- **Material provided**
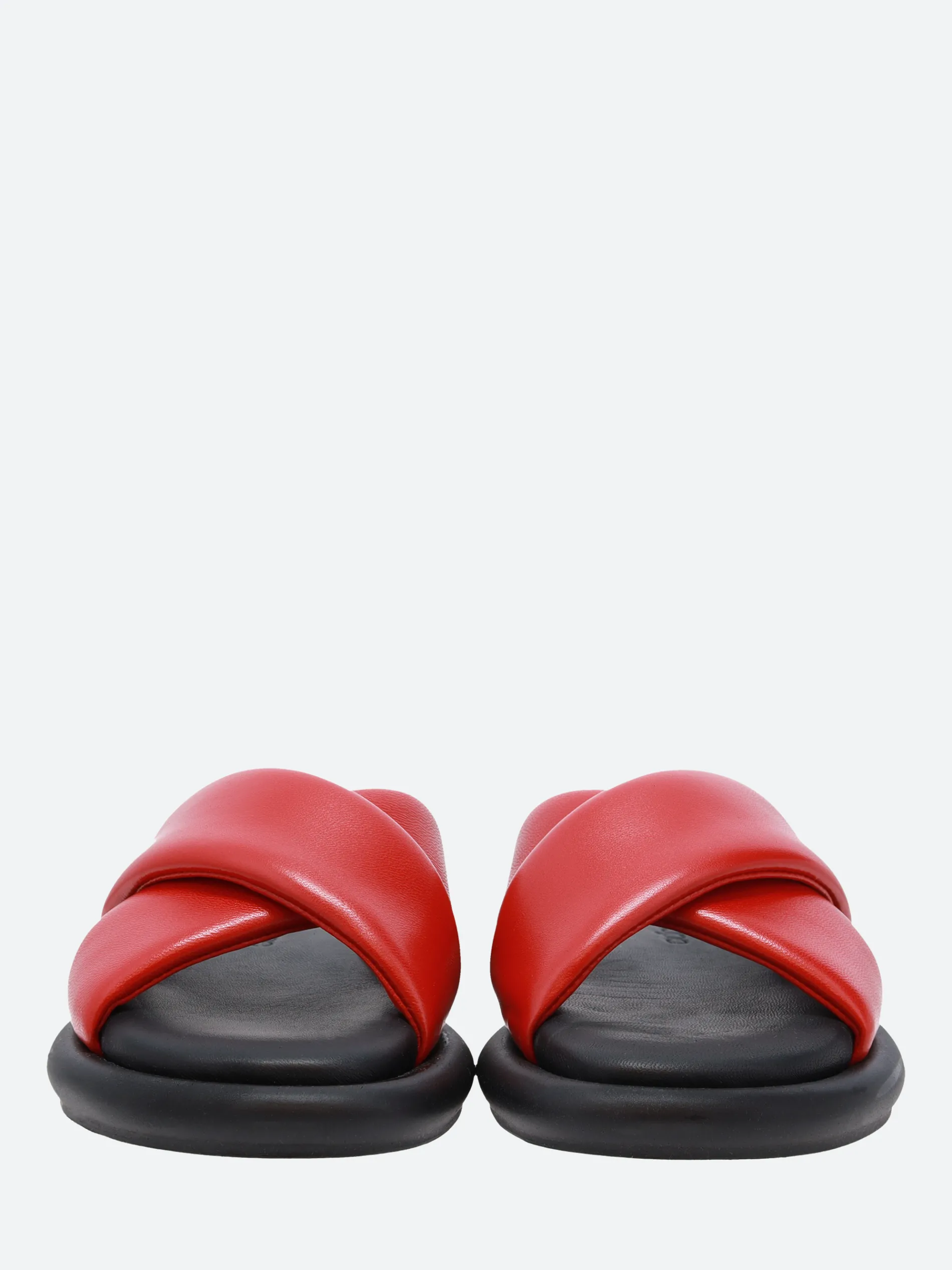 gravitypope wide crisscross straps at the vamp with a cushioned leather footbed for added comfort.
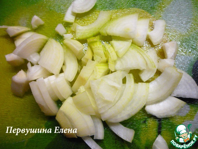 Лук очищаем и нарезаем четвертушками.
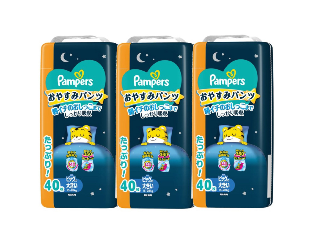 【ケース販売】Pampers(パンパース) おやすみパンツ ウルトラジャンボビッグより大きい(15-28kg)40枚×3個

- **Task instructions**
Reproduce the listing exactly. The pictures are to be omitted.

- **Response to the task**
 gravitypope wide crisscross straps at the vamp with a cushioned leather footbed for added comfort.
 Лук очищаем и нарезаем четвертушками.
 【ケース販売】Pampers(パンパース) おやすみパンツ ウルトラジャンボビッグより大きい(15-28kg)40枚×3個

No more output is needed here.